Bugtraq mailing list archives

Re: Bind 8 bug experience


From: "Glen Bishop" <glen () glenbishop com>
Date: Thu, 14 Nov 2002 09:30:58 -0500 (EST)

bind 4 and 8 patches are now available which appeared late last night

http://www.isc.org/products/BIND/patches/

-glen


Three bugs in bind 4 and 8 were announced this morning, November 12. At
least one has the possibility of arbitrary code execution, and
the ISC web site lists it as 'Serious'.

At 13:02 CST this afternoon per the ISC announcement, about an hour
after receiving the bug announcement, I requested bind 8 patches
from Lynda McGinley, Executive Director of ISC.  I received a
response from her roughly 8 hours later this evening that I had been
added to the patch announce list.  My thanks to Lynda for that, but she
did not give direct information on where to get the patches, and I have
received nothing from the patch announce list.  I don't know when I can
expect to receive anything -- tonight, next week, or next month?

Earlier today I asked Lynda a question: why were patches not made
available at the time of the announcement?  Paraphrasing her
response, since I have not asked her permission to forward verbatim what
she wrote, she indicated that those in the bind forum that had
subscribed to the early security notification had the patches
readily available.  She indicated that ISC wanted to make sure that the
right audience had the patches first.

I clarified to her that my understanding is that the early
notification subscription was for the purpose of vendors being
notified before public announcement so they could get software
packages updated and available prior to announcement.  Lynda
affirmed this.

My response to her was that the right audience should change in
relation to announcement.

Those that paid to be notified early had that expectation fulfilled.
Before announcement, per current ISC practice, they are the right
audience, and they got bind 4 and 8 patches.

As of the moment of announcement, the right audience should be
expanded to include all those placed at risk because they use the
software.  Failure to make the patches available suddenly puts many
systems at rapidly increasing risk.

I have not yet heard a satisfactory answer why were patches not
publicly available when this announcement was made.  More troubling, why
has ISC not released the patches yet?  As of 23:44 CST, about 12 hours
after the first announcement, nothing beyond 8.3.3 is
available in the normal directories on ftp.isc.org, yet updates
clearly exist.

Per the ISS announcement, to the best of their knowledge no crackers
knew of these bugs, nor were there exploits available.  From the
moment of the announcement, that is no longer true.  If these were truly
unknown bugs, there was time to do this right, to fix the bugs and get
the updates available.  That time advantage is eroding very rapidly.
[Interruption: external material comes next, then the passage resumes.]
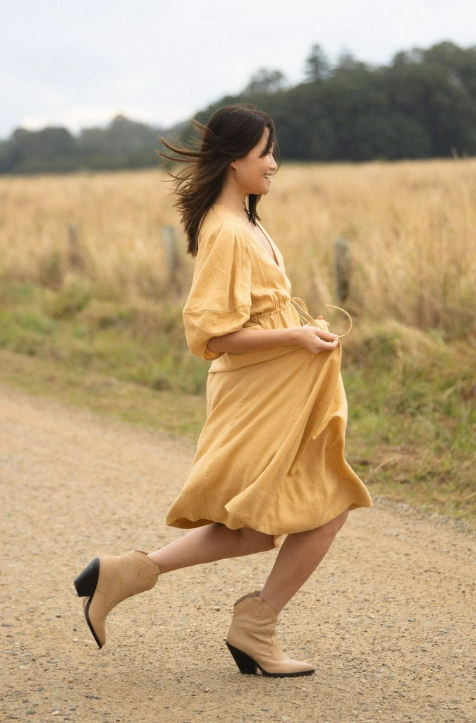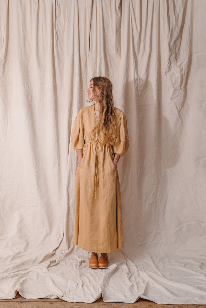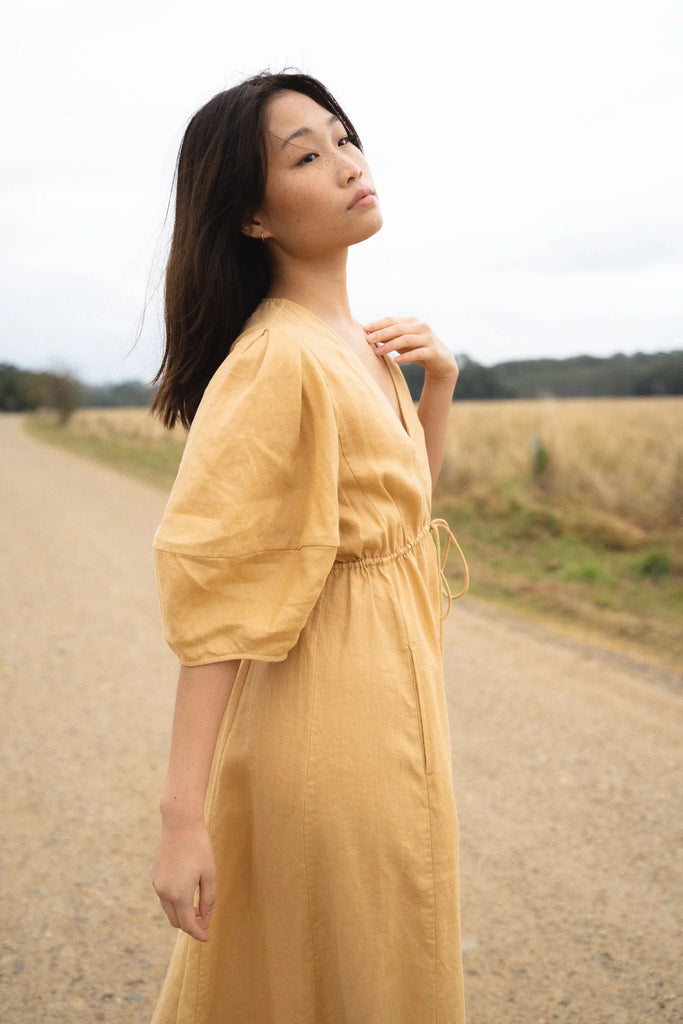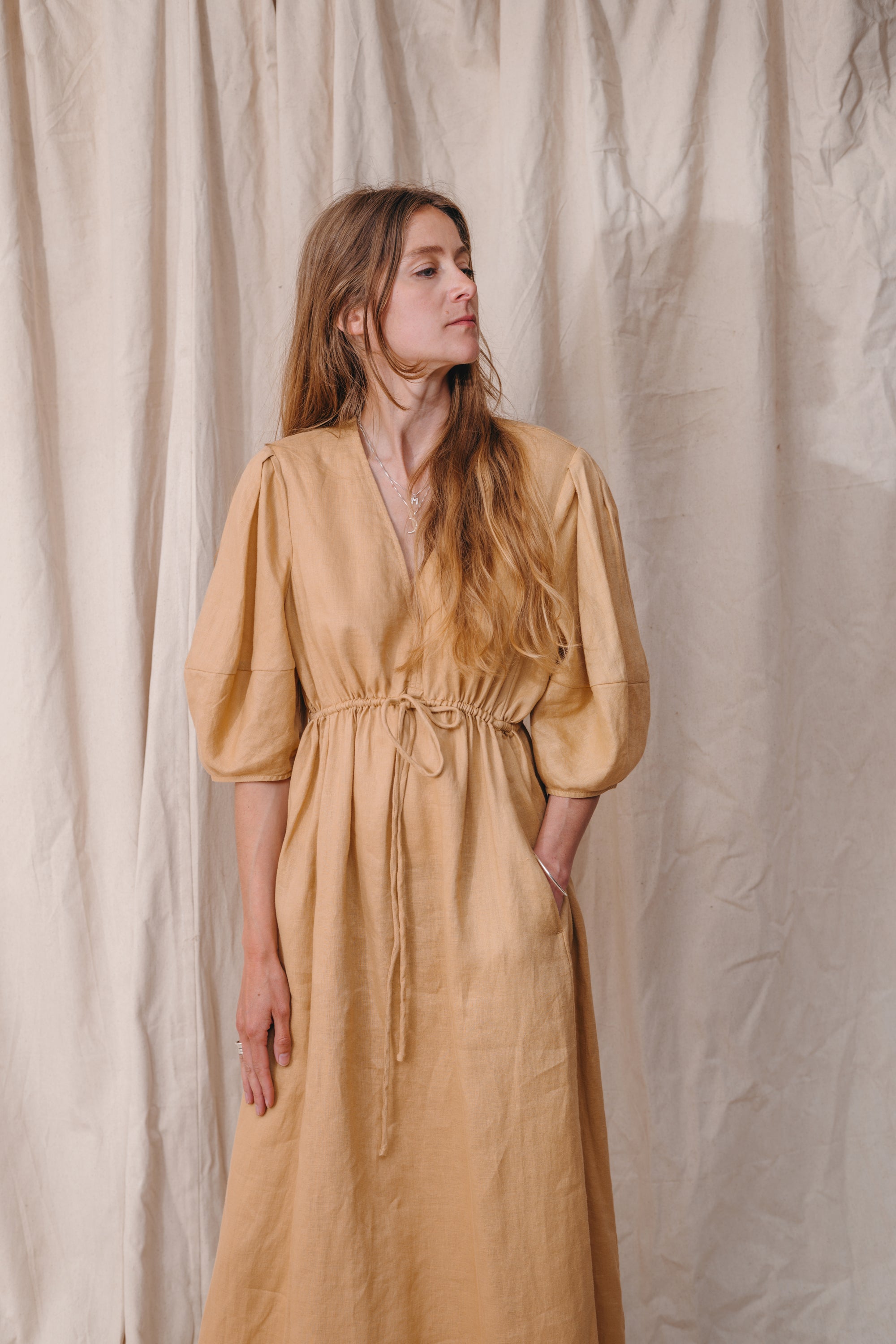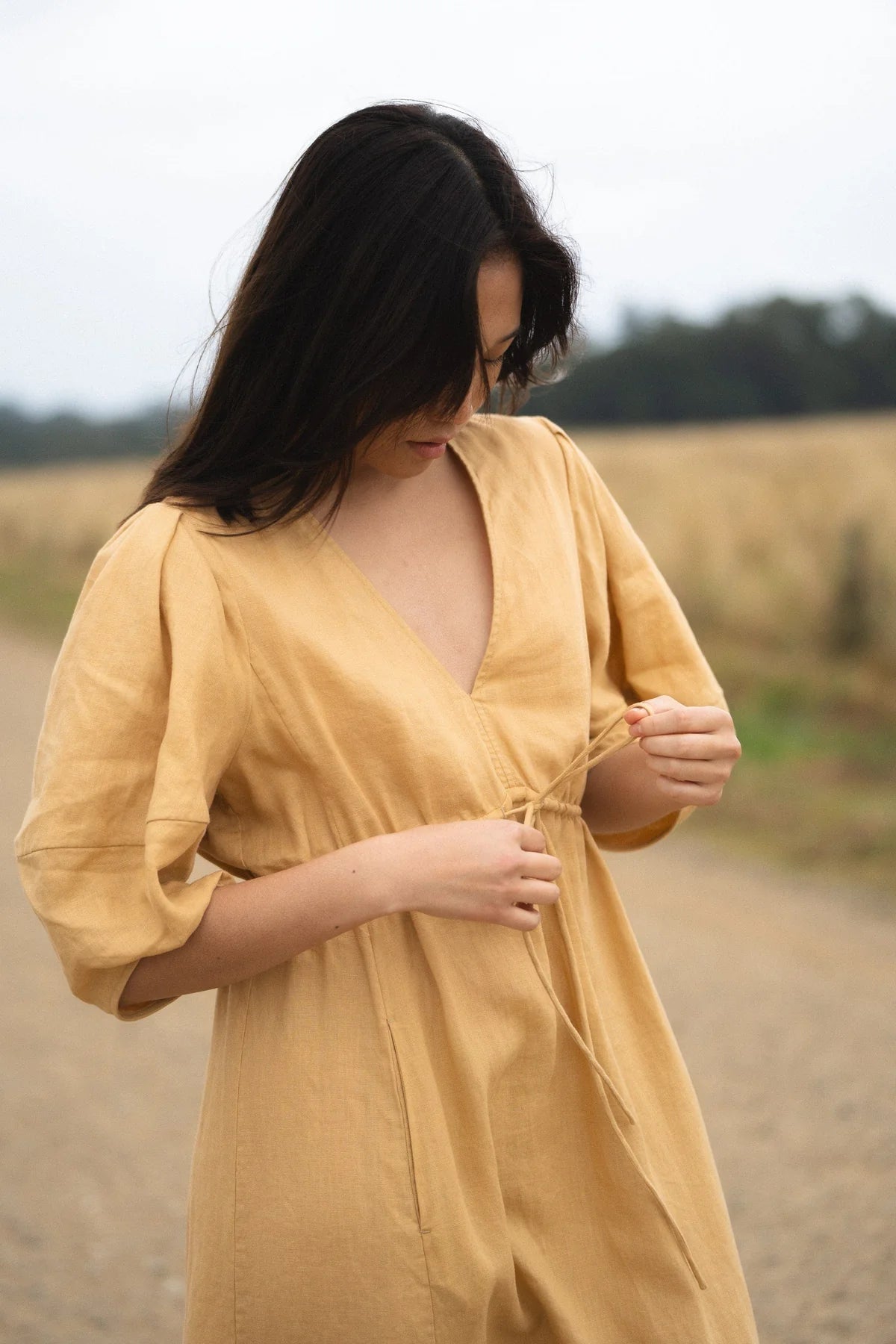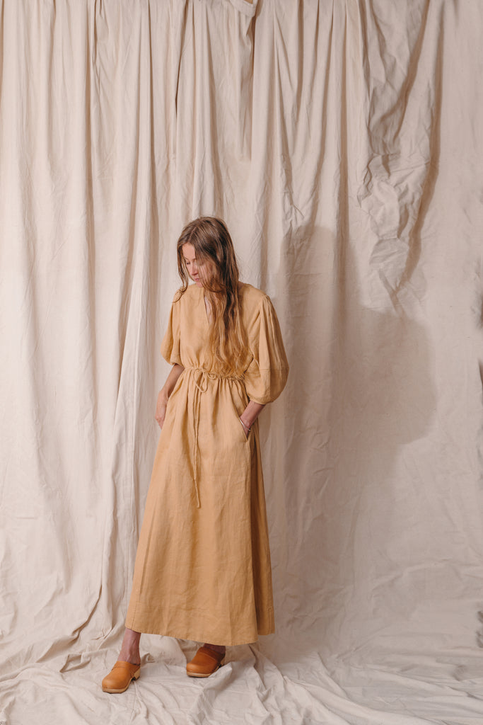 Introducing the Vida Linen Dress, crafted from 100% organic linen for a luxuriously soft and sustainable feel. With a front tie waist and oversized bell sleeves, this dress exudes effortless elegance. Plus, side pockets add convenience to style. Upgrade your wardrobe with this timeless piece.

I had held off upgrading to bind 9 because of its newness. Observing its
release history, in my assessment it has not been any better
than bind 8.  There have been too many beta, release candidate and
security fixes to be considered stable.  Meanwhile, ISC's policies left
me with no real choice.  I've dropped everything else this
evening and have upgraded to bind 9.

I don't know of a similar incident when the known patches to such a
serious problem were withheld by a software provider.  This is
particularly true in the case of software of which its security and
stability are the most crucial to the operation of the Internet.

This raises troubling questions about the future management of bind.
What will happen when the next bind 9 bug hits?